**The problem**
What is the number of lines in the following data that contain "under"? Answer with the number alone.

**Supplied information**
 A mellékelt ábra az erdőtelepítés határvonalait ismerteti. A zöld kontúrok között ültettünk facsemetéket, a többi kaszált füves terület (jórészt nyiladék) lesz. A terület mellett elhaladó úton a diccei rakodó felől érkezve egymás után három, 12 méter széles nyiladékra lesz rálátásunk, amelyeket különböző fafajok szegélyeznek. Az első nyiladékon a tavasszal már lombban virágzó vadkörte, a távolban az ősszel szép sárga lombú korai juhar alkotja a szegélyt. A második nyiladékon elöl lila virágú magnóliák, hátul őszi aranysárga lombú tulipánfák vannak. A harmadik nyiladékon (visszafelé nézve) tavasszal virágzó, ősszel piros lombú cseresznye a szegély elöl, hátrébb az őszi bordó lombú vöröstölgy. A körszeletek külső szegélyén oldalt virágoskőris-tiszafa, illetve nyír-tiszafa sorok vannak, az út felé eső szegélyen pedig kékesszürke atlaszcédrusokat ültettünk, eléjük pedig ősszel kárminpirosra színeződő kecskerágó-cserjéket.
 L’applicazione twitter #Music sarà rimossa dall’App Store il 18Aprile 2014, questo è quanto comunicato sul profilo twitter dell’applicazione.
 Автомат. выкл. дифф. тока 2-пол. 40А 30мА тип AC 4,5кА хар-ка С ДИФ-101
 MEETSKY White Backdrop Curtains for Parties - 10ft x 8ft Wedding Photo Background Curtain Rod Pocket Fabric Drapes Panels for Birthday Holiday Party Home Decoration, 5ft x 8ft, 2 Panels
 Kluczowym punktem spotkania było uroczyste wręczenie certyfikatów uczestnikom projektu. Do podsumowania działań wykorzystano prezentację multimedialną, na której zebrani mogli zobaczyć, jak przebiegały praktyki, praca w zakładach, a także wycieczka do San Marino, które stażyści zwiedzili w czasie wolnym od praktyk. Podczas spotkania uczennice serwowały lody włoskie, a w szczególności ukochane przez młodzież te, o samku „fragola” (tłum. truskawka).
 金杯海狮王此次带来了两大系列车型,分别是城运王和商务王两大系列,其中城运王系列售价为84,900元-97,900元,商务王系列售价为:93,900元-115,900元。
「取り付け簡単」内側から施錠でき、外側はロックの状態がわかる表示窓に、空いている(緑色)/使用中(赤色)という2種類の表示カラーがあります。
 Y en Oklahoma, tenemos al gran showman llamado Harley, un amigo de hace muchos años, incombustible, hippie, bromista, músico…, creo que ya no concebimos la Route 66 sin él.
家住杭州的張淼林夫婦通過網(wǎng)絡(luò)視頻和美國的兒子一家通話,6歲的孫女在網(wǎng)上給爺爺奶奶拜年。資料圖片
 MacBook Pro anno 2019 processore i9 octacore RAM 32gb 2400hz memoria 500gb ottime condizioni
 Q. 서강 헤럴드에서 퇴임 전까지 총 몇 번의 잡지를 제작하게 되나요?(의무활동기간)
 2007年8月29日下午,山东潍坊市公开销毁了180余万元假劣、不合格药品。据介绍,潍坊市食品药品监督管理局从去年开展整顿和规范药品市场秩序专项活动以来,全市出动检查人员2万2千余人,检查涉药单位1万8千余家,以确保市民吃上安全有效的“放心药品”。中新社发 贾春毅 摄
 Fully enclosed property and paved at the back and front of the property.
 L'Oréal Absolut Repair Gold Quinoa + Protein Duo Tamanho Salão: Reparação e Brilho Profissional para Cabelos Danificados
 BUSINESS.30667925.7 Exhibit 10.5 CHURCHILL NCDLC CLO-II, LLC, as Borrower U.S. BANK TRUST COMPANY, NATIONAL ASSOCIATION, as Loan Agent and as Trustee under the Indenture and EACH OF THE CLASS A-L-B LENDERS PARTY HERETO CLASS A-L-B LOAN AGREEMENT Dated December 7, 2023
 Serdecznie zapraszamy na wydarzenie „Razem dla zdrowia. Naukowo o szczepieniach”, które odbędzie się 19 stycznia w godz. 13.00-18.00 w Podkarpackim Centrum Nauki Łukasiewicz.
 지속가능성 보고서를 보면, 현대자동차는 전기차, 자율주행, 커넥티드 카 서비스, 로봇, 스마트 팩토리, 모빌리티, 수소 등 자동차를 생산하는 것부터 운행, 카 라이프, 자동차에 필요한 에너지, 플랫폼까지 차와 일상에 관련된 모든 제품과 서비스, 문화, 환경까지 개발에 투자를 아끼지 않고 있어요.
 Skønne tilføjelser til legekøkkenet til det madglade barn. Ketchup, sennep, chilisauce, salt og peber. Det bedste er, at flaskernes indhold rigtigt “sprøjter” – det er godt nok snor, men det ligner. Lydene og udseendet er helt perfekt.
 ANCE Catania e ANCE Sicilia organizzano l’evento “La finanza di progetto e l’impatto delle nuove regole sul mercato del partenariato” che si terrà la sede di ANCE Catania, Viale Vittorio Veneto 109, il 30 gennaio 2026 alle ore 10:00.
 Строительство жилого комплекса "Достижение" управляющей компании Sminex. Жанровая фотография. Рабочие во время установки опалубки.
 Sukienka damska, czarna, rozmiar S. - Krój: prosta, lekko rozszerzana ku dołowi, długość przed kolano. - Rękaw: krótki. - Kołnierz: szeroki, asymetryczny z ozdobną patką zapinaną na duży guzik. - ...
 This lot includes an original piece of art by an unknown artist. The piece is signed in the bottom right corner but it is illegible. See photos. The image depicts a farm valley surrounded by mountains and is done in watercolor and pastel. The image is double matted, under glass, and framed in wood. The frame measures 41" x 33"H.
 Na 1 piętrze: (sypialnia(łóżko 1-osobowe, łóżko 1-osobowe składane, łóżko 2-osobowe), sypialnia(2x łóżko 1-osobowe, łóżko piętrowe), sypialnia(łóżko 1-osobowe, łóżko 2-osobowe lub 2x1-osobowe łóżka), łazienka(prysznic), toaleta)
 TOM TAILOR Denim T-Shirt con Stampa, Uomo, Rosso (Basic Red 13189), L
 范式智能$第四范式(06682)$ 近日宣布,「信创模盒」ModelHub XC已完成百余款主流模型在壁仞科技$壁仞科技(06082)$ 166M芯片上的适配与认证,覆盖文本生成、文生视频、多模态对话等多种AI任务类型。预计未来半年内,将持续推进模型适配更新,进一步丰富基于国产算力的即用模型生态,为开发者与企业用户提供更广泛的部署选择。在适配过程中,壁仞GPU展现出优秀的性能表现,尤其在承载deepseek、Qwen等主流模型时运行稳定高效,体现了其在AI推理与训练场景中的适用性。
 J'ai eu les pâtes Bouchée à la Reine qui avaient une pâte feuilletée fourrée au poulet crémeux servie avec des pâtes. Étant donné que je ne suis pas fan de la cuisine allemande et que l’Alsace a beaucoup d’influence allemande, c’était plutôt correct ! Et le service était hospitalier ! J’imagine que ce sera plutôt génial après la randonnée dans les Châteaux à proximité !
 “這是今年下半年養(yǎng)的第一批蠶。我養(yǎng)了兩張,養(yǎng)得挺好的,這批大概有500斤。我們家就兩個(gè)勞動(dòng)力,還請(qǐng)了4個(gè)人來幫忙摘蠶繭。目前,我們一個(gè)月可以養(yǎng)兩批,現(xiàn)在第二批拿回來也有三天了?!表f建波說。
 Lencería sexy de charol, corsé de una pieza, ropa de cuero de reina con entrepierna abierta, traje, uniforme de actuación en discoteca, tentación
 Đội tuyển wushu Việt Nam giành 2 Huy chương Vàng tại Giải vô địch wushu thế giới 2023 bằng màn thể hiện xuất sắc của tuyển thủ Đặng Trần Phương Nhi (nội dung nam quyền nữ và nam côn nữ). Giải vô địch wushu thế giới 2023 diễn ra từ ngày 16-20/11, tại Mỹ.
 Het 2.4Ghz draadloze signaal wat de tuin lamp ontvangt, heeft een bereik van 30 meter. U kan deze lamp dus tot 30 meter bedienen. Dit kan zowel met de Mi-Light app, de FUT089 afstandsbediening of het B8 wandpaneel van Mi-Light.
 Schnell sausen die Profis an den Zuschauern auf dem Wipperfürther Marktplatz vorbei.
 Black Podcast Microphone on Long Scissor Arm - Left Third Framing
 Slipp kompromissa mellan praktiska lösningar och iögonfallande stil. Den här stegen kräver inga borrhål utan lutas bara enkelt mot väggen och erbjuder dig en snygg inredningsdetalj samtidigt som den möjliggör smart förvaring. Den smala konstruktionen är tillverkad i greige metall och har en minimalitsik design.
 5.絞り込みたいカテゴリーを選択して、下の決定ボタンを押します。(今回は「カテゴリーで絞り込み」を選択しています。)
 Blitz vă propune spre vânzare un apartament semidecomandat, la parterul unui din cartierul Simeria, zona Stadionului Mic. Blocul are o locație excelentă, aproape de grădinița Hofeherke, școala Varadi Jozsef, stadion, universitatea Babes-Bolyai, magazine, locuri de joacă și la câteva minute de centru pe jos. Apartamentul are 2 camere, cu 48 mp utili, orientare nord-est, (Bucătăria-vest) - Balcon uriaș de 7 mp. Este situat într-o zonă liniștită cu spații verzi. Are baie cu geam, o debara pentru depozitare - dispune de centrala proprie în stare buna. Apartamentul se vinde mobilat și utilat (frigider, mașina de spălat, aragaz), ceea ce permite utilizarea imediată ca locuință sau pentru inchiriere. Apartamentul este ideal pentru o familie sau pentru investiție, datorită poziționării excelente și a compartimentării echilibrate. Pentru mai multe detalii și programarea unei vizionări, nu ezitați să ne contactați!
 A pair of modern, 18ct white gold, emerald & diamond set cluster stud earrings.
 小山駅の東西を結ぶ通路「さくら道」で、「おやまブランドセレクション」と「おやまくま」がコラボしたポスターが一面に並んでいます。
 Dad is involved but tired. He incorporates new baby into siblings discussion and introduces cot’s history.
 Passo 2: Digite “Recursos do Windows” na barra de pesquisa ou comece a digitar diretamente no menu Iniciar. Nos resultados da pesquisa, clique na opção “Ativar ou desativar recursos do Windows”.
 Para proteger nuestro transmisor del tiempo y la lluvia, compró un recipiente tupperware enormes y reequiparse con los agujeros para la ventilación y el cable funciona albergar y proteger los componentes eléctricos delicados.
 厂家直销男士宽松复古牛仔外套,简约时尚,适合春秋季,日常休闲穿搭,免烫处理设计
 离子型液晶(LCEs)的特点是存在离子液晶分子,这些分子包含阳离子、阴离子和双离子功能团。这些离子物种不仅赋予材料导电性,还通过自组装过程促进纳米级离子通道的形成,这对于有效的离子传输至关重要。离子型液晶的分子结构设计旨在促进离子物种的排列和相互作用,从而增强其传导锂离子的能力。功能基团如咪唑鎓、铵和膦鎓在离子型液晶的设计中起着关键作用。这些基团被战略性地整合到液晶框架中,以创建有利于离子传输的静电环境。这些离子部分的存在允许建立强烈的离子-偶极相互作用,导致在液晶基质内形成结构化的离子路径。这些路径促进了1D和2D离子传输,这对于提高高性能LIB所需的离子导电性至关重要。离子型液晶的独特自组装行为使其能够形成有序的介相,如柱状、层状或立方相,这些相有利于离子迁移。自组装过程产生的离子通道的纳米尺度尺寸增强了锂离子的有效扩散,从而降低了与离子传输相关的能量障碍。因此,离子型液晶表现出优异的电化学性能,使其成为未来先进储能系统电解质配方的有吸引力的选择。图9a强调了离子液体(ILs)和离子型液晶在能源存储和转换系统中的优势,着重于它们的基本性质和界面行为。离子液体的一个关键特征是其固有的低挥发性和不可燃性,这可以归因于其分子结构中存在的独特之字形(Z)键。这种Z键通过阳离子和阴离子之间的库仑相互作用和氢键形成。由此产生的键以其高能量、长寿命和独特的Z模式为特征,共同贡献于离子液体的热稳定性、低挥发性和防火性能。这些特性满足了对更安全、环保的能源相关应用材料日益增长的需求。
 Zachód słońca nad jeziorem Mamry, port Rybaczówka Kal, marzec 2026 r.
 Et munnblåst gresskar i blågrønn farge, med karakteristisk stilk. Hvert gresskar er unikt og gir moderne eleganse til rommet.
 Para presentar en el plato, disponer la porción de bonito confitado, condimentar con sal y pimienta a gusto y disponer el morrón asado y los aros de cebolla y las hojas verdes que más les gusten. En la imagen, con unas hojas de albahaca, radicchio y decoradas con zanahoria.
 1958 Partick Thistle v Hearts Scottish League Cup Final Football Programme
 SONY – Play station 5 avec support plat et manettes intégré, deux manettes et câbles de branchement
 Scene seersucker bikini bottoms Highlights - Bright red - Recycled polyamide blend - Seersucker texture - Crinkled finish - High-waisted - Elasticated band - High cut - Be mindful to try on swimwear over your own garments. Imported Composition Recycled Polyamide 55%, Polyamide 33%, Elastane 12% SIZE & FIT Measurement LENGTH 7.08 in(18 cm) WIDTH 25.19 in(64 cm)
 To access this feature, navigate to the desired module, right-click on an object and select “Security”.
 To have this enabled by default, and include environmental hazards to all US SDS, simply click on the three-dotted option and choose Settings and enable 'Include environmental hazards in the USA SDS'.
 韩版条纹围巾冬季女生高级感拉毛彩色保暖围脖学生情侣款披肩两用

**Problem solution**
2